You can add dynamic instructions when you call the runner:

```python
result = Runner.run_sync(
    agent,
    "What should I wear today?",
    context={
        "dynamic_instructions": "The user is currently in Karachi, where it's 40°C and very sunny."
    }
)
```

Inside the run, the model receives something like:

```
System: You are a helpful assistant.
System (dynamic): The user is currently in Karachi, where it's 40°C and very sunny.
User: What should I wear today?
```

So now the agent answers with awareness of that injected context.

---

## 4. **Difference between context vs. dynamic instructions**

* **Context** → Structured information passed to the agent runner (can include conversation history, tool outputs, metadata).
* **Dynamic instructions** → A special field inside `context` that lets you inject **extra system-level guidance** for just that run.

Think of it as:

* `instructions` = permanent system role.
* `dynamic_instructions` = per-run override/augmentation.

---

## 5. **Why useful**

* You can keep your base agent lightweight.
* You can adapt behavior per-user or per-query.
* You can insert real-time knowledge without retraining or hard-coding.

---

👉 Example:

```python
user_profile = "The user prefers answers in short bullet points."
weather = get_weather("Karachi")

result = Runner.run_sync(
    agent,
    "What is the weather?",
    context={
        "dynamic_instructions": f"{user_profile} Also, use this weather info: {weather}"
    }
)

print(result.final_output)
```

Now the agent will combine:

* Base: *"You are a helpful assistant"*
* Dynamic: *"The user prefers answers in short bullet points. Also, use this weather info: …"*
* User input: *"What is the weather?"*

---

⚡ So in short:

* **Context** = everything you can pass into the run.
* **Dynamic instructions** = a special part of context that injects extra *system-level guidance* dynamically.



## What is `context`?

When you run an agent, you can pass a `context` dictionary.
It’s a structured bag of information that’s carried alongside the conversation and affects how the agent thinks/responds.

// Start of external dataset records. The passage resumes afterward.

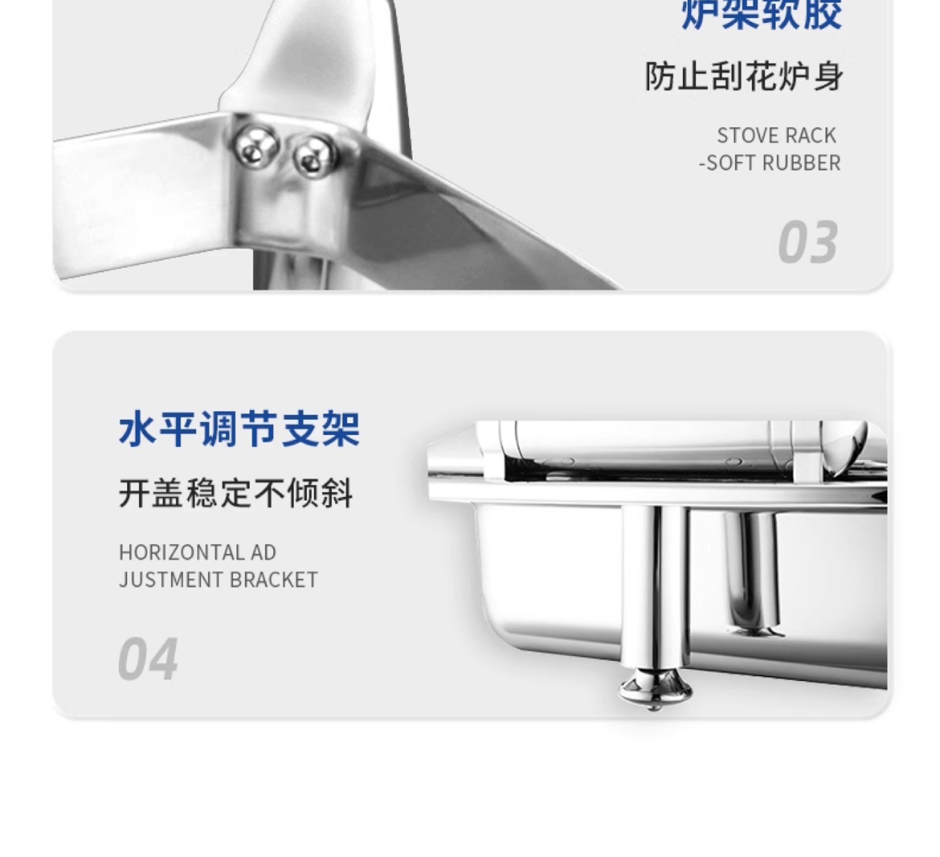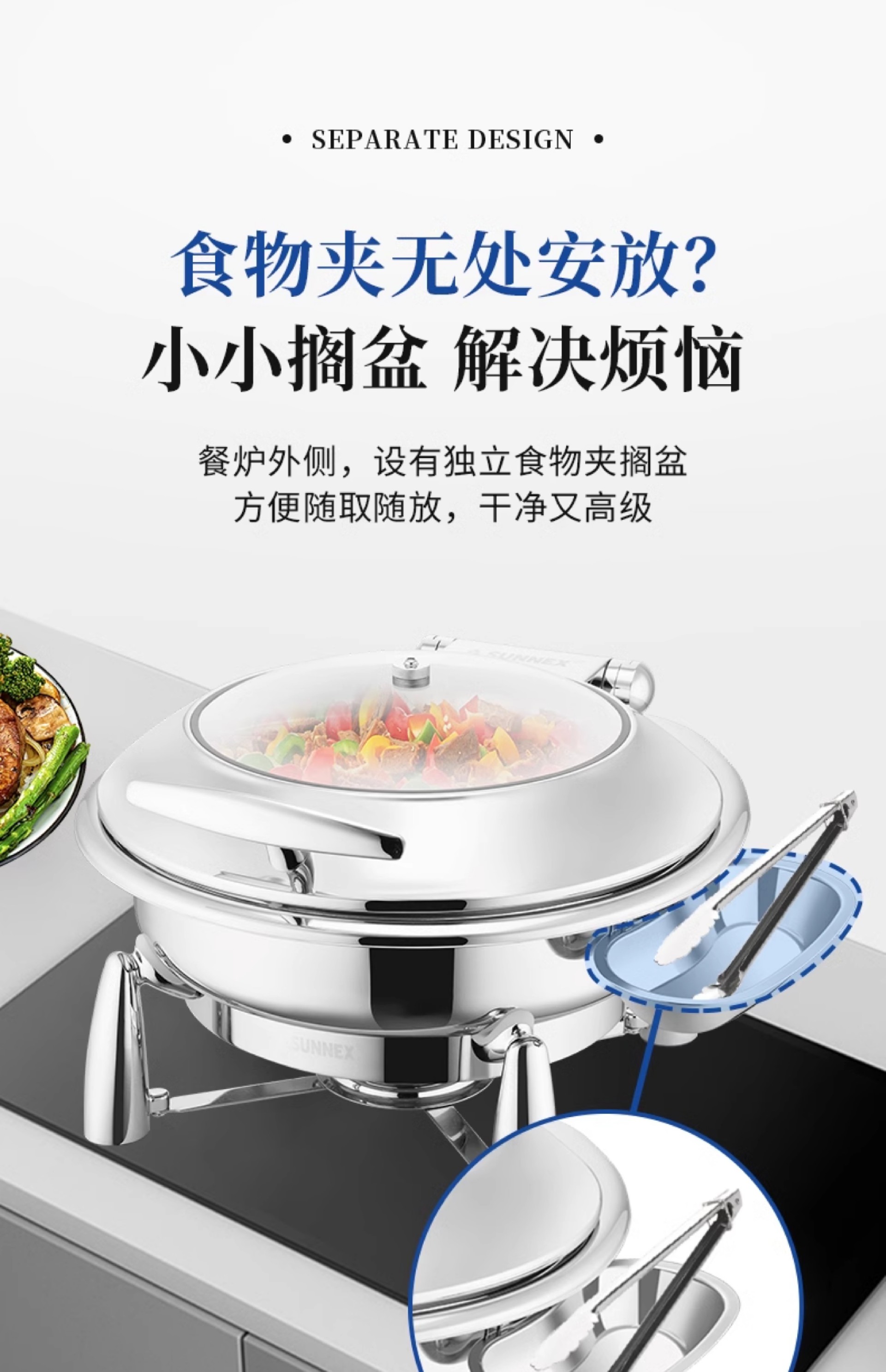 • 独立搁盆设计,卫生有保障:自助餐厅需频繁更换食物,独立食物夹搁盆设计有效避免食物交叉污染,304不锈钢材质安全接触食物,确保每一道菜品卫生放心。
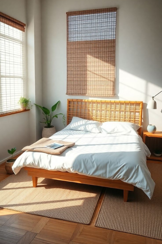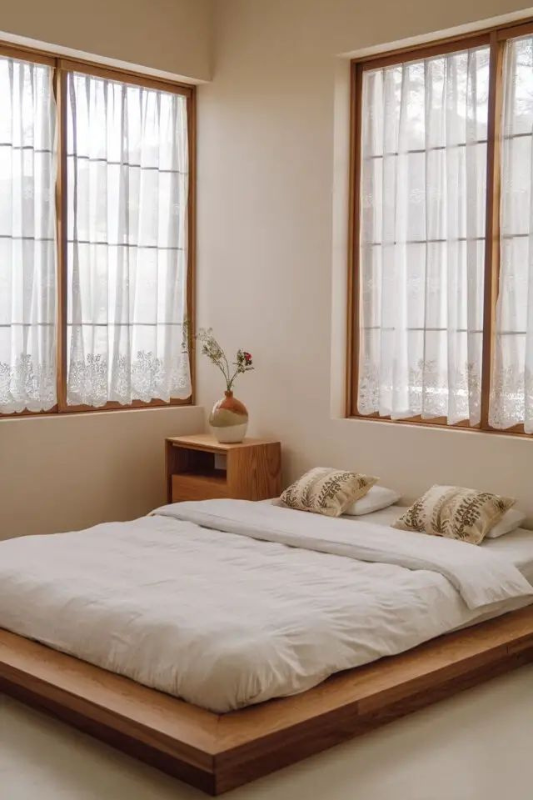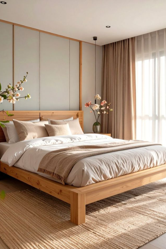 Natural light adds warmth and softness to Japandi interiors. Sheer curtains, light window treatments, or uncovered windows help sunlight filter in gently. The goal is not brightness, but warmth. When natural light becomes part of the design, the bedroom feels more open and calming throughout the day.
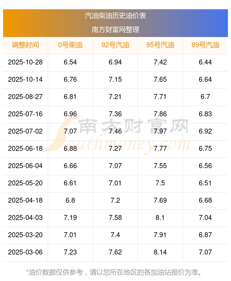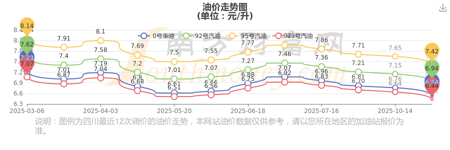 11月8日甘孜95號(hào)汽油的價(jià)格為10月28日油價(jià)調(diào)整后的價(jià)格,每升7.42元,對(duì)比上一輪油價(jià)調(diào)整時(shí)間10月14日的價(jià)格7.65元每升,下調(diào)了0.23元,下調(diào)幅達(dá)3.007%。下一輪油價(jià)調(diào)整時(shí)間11月10日24時(shí),距離現(xiàn)在還有2.54天。
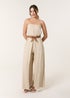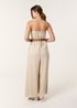 Blue Vanilla Beige Linen Belted Wide Bandeau Jumpsuit
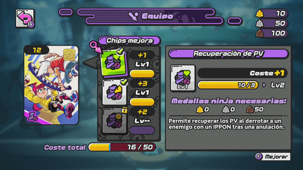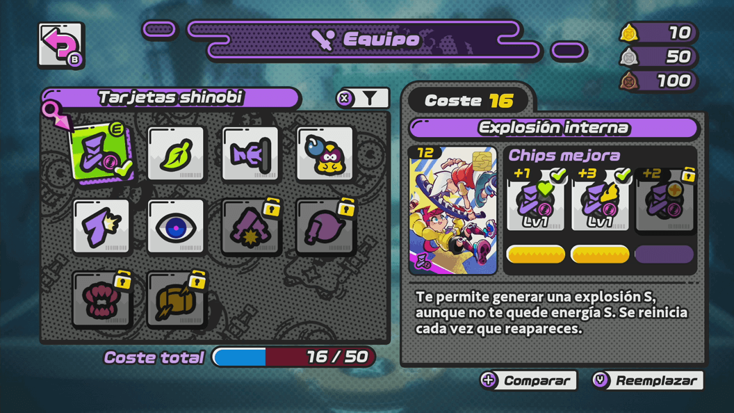 Las tarjetas shinobi te permiten desbloquear o sustituir nuevos poderes, además de modificar y mejorar los chips de mejora.
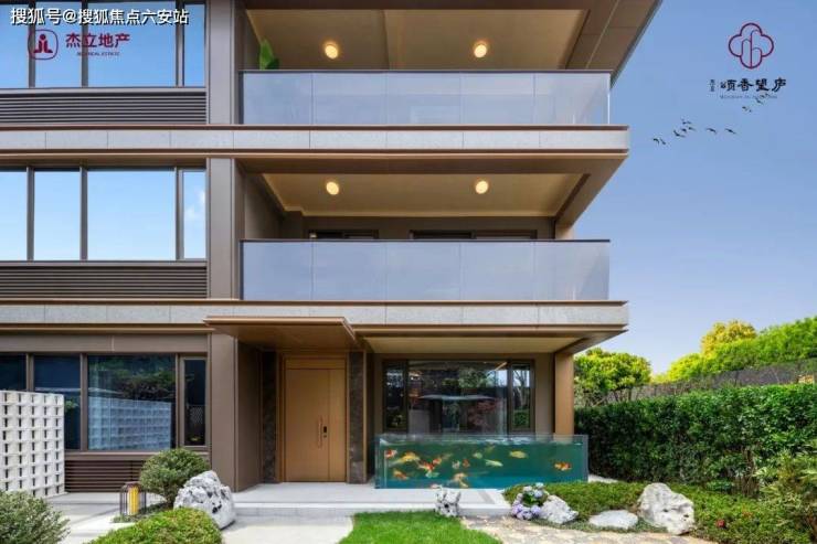 四面铝板+三层lowe玻璃立面, 搭配进口爱马仕灰和蓝眼睛石材,与坡屋顶的结合,沿袭传统宋式山水美学,写意现代东方气韵风华,三进二庭五园的中式传统轴线布局,两轴九景四时的极致意境生活。景观与空间相互渗透交融,行走至其间形成视觉上的联系与流动感,步移景异, 悠闲和缓。

Think of it as **the runtime state/environment** the agent sees in addition to the user’s input.

<br>

---

<br>


##  What goes inside `context`?

Different things depending on your use case, but the framework usually treats these as meaningful:

1. **Conversation state**

   * Previous messages, memory, or dialogue history.

2. **Dynamic instructions** (special key)

   * Extra system-level guidance injected only for this run.
   * Example: `"dynamic_instructions": "The user prefers short bullet points."`

3. **Session / user metadata**

   * Things like user preferences, role, location, time zone, etc.
   * Example: `{"user": {"id": "123", "name": "Ali", "language": "ur"}}`

4. **External knowledge / environment info**

   * Values fetched from APIs, sensors, or tools.
   * Example: `{"weather": "Sunny, 40°C in Karachi"}`

<br>

---

<br>

##  How is `context` used?

When you call:

```python
result = Runner.run_sync(
    agent,
    "What should I wear today?",
    context={
        "dynamic_instructions": "The user is in Karachi where it's 40°C.",
        "user": {"name": "Ali", "prefers_style": "casual"}
    }
)
```

Internally, the agent runtime merges:

* **Static instructions** (set when you defined the agent)
* **Dynamic instructions** (from context)
* **Other context fields** (which tools or templates may use)
* **User input**

So the model prompt effectively looks like:

```
System: You are a helpful assistant.
System (dynamic): The user is in Karachi where it's 40°C.
User metadata: {"name": "Ali", "prefers_style": "casual"}
User: What should I wear today?
```

---

##  Why `context` is important

* Keeps **static role** separate from **dynamic signals**.
* Lets you **inject real-time state** without rewriting the agent.
* Makes agents more **modular** (tools or middleware can add to context automatically).
* Enables things like **multi-user sessions** or **stateful conversations**.

---

✅ **In short**:
`context` is the structured runtime data you pass into an agent run.
It may include **dynamic instructions**, **user/session info**, and **environment state**.
The agent uses it to answer more accurately and in a way tailored to that moment.